Кондратьев бросился к двери, толкнул ее. Дверь не открылась, и это породило в нем незнакомую внутреннюю дрожь, похожую на панику. Тогда он отошел на шаг, подумал и затем, спокойно открыв дверь внутрь каюты, вышел в коридор. И тут же кто-то налетел на него, сбил с ног. Вскочив, он тоже побежал по косой, неудобной палубе. Не в момент догадался, что палуба здорово накренилась. Кто-то кричал на него, кто-то сильно толкнул в впину, снова едва не сбив с ног. Всем он сейчас мешал, лишний человек на судне.

Все же Кондратьев выбрался на верхнюю палубу. И ничего перед собой не увидел: в метре от двери, сразу за белой полосой перил, именуемых планширем, была тьма. В этой тьме просматривалось что-то еще более темное, уходящее.

– Сволочи! – кричал кто-то сверху, с мостика.

И кто-то объяснял, тоже в крик:

– Он без огней, я не видел! В борт форштевнем, мать его!..

Судно кренилось все больше, и Кондратьев уже полулежал на переборке, не зная что делать.
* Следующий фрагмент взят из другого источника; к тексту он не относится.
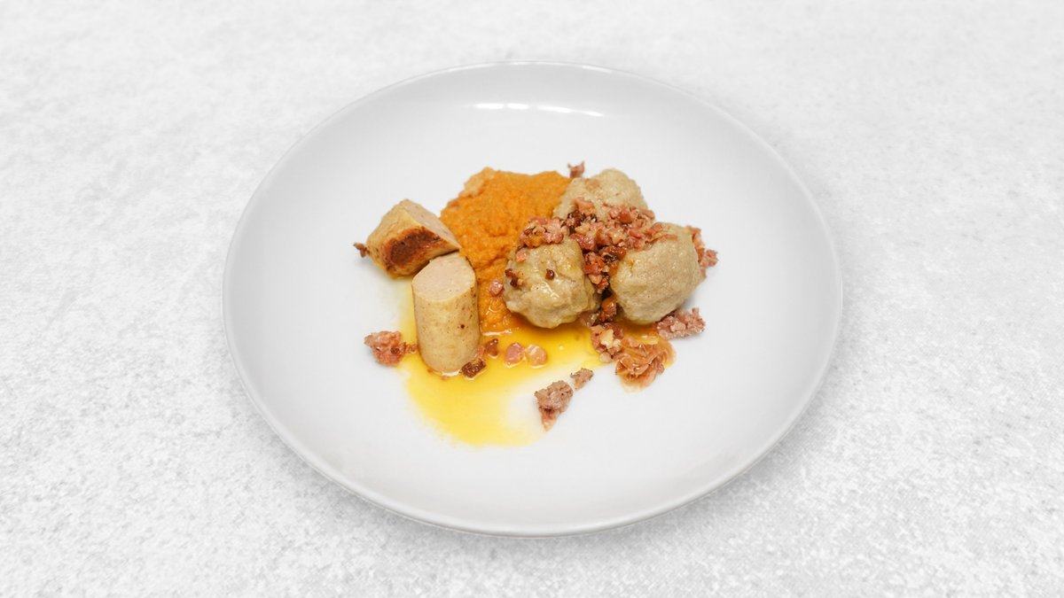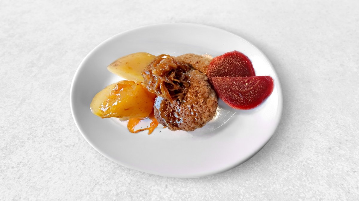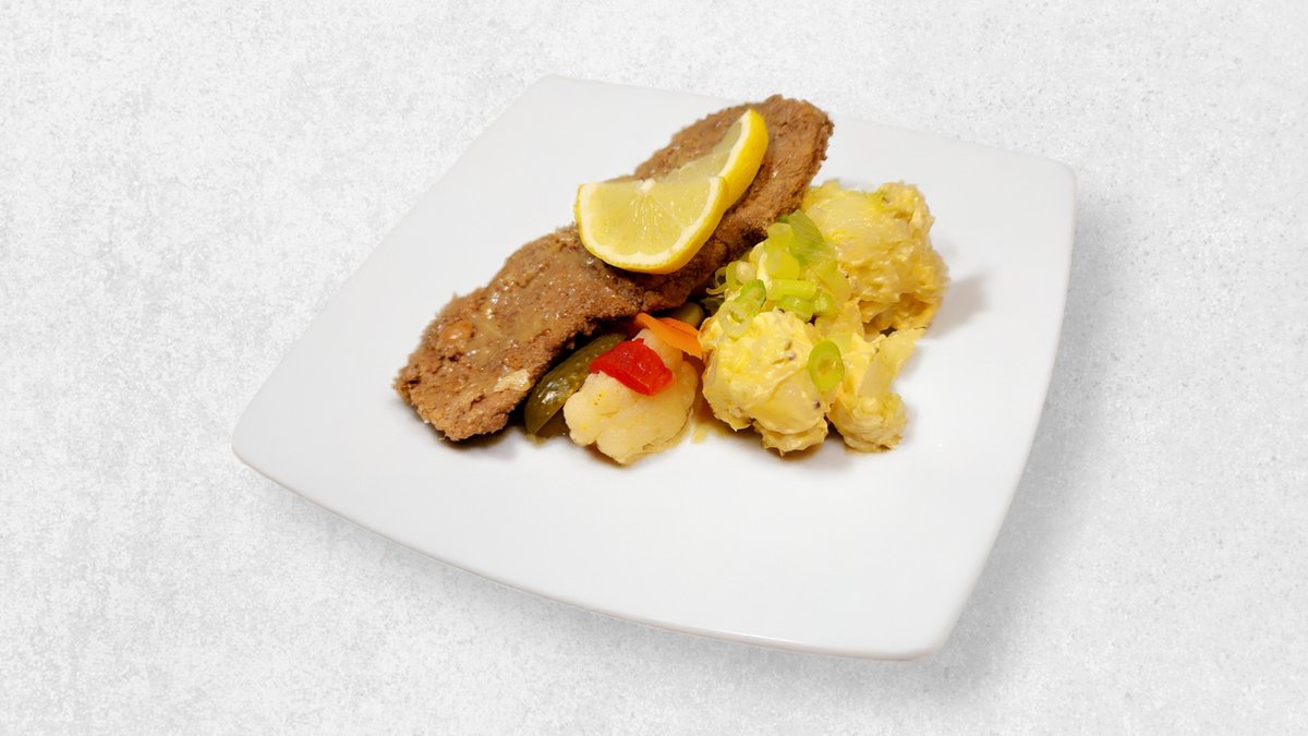 Svinesnitzel med syltede grønnsaker, kapers og potetsalat.
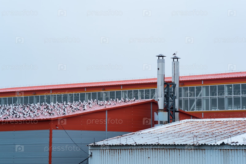 Промышленный пейзаж, множество чаек сидят на крыше рыбоперерабатывающего завода

Кто-то толкнул его в бок. Это был электрик, уступивший ему свою койку.

– С левого борта шлюпка! – кричал он ему громко, как глухому. – Беги туда.

– Зачем?

– Контейнеры на палубе. Если сдвинутся – хана!

– Вещи в каюте, – сказал Кондратьев, вспомнив о черном чемодане.

– Какие вещи?! – еще громче заорал электрик. – Перевернемся, не успеешь!

Чемодана было жаль. Не потому, что в нем такие уж ценности. Но газеты тоже могли пригодиться…

И вдруг неожиданная мысль: а что если столкновение организовано из-за этого чемодана? Чтобы архив не попал в Россию? Если так, то даже хорошо, что чемодан утонет. Будут думать, что архива больше нет, концы – в воду. И перестанут преследовать. И тогда можно будет спокойно искать настоящий архив.

Испытывая неловкость, похожую на угрызение совести, будто это он виноват в случившемся, Кондратьев по сильно накренившейся палубе перебежал к другому борту и в тусклом свете палубного фонаря увидел шлюпку, полную людей.

– Прыгай! – крикнули ему.

До шлюпки было больше метра, и она ходила на волнах то вверх, то вниз.

– Прыгай, мать твою! – заорали на него в несколько глоток.

И он прыгнул…

29

Все получилось. Без проблем пересекли реку Одер, спокойно доехали до большого польского города Познан. Здесь, не вылезая из машины, переночевали на платной стоянке. А утром пристроились к колонне таких же бедолаг-перегонщиков.

– Можно бы и ночью ехать, вдвоем-то чего, – дорогой принялся объяснять Коля. – Да я один раз накололся, больше не рискую.

И он начал рассказывать, как однажды, так же вот перегоняя иномарку, попался дорожным пиратам. Его выкинули из машины и чуть было не привязали к дереву, чтобы не поднял хай раньше времени. А был февраль, в Польше он мокрый и вьюжный…

– Поляки грабят?!

– Наши. Коим дозволили богатеть любым способом. Польские дороги они враз освоили.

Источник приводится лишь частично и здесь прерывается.